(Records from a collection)
((
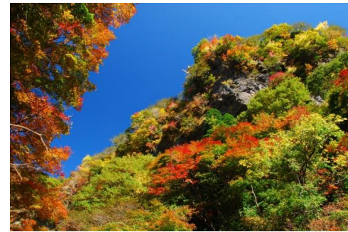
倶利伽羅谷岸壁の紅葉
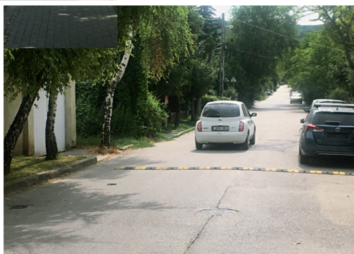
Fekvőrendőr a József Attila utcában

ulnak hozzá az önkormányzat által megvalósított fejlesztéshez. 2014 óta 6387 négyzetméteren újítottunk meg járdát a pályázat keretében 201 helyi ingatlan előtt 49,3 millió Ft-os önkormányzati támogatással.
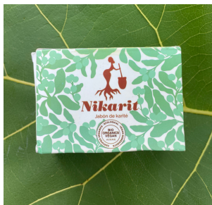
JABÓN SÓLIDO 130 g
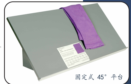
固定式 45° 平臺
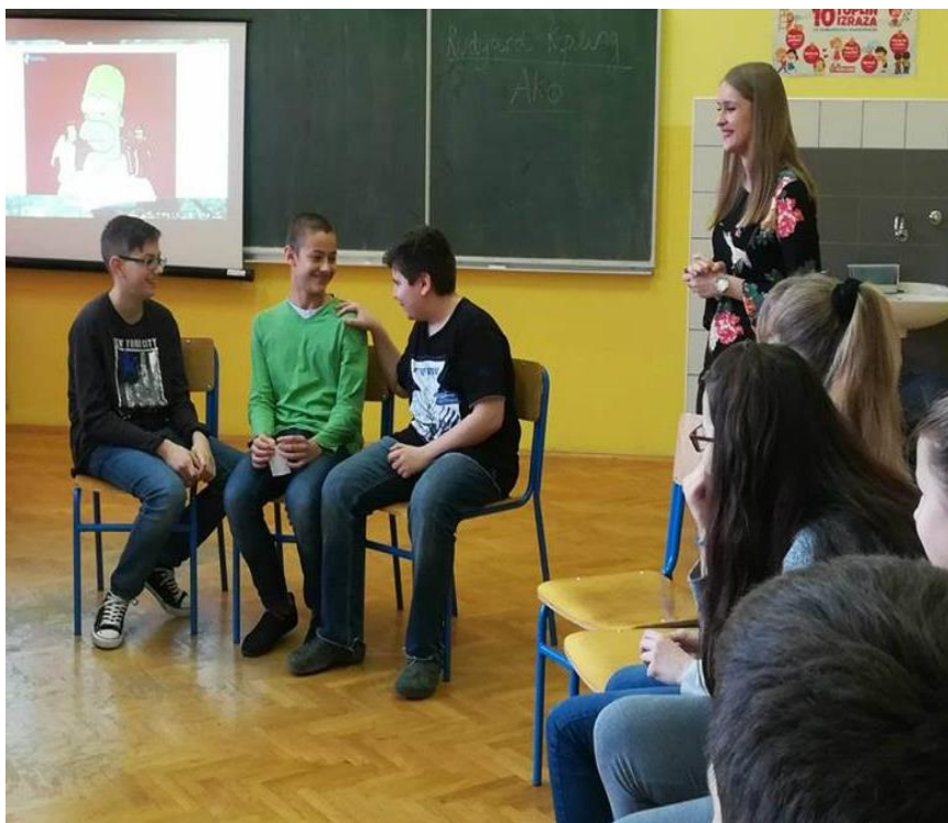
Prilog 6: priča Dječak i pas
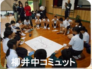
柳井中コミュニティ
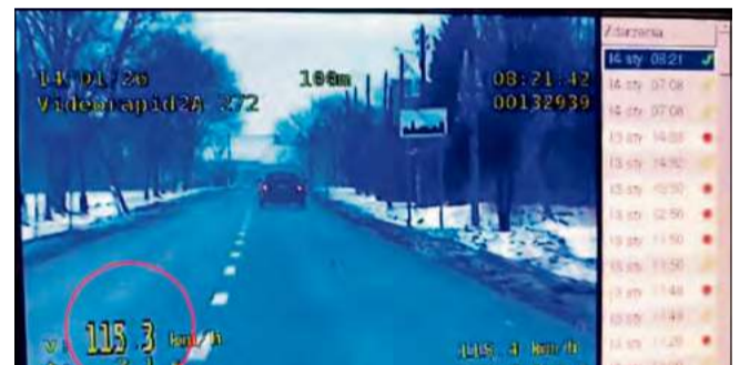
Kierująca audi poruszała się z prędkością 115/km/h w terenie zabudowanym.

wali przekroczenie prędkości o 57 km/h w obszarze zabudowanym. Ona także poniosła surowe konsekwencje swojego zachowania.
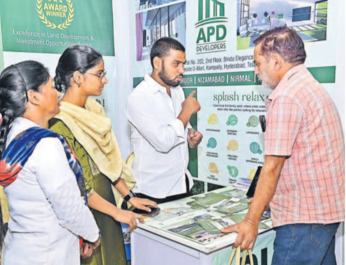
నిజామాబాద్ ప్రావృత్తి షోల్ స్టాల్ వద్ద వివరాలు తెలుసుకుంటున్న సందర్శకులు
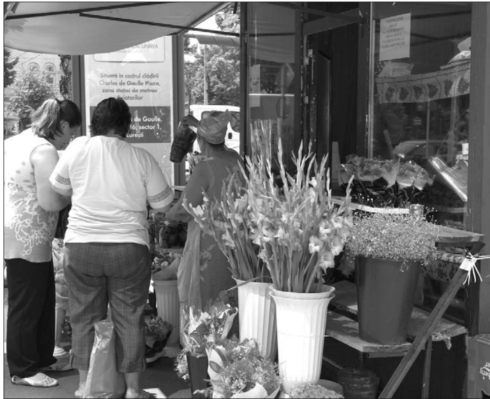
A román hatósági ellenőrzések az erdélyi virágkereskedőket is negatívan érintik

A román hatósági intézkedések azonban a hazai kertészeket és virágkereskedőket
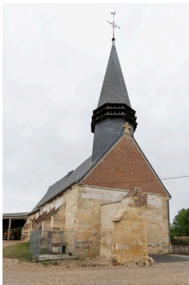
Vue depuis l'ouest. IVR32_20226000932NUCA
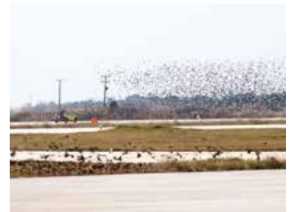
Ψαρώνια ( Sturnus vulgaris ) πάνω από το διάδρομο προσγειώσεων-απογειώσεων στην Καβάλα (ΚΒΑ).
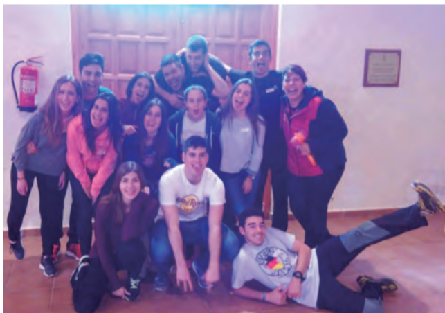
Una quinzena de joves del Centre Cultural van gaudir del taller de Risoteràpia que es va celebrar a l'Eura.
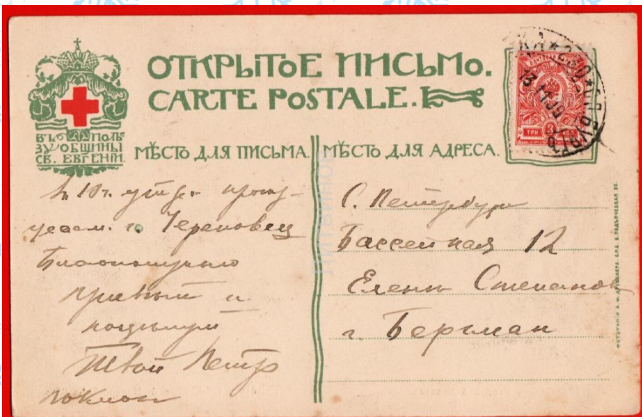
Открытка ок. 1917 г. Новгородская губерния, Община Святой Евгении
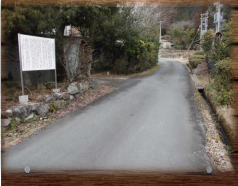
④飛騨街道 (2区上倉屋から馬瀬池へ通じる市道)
))
PROBLEM DETAILS: Number of lines holding "román" in the data: give it, with nothing else.

YOUR RESPONSE: 2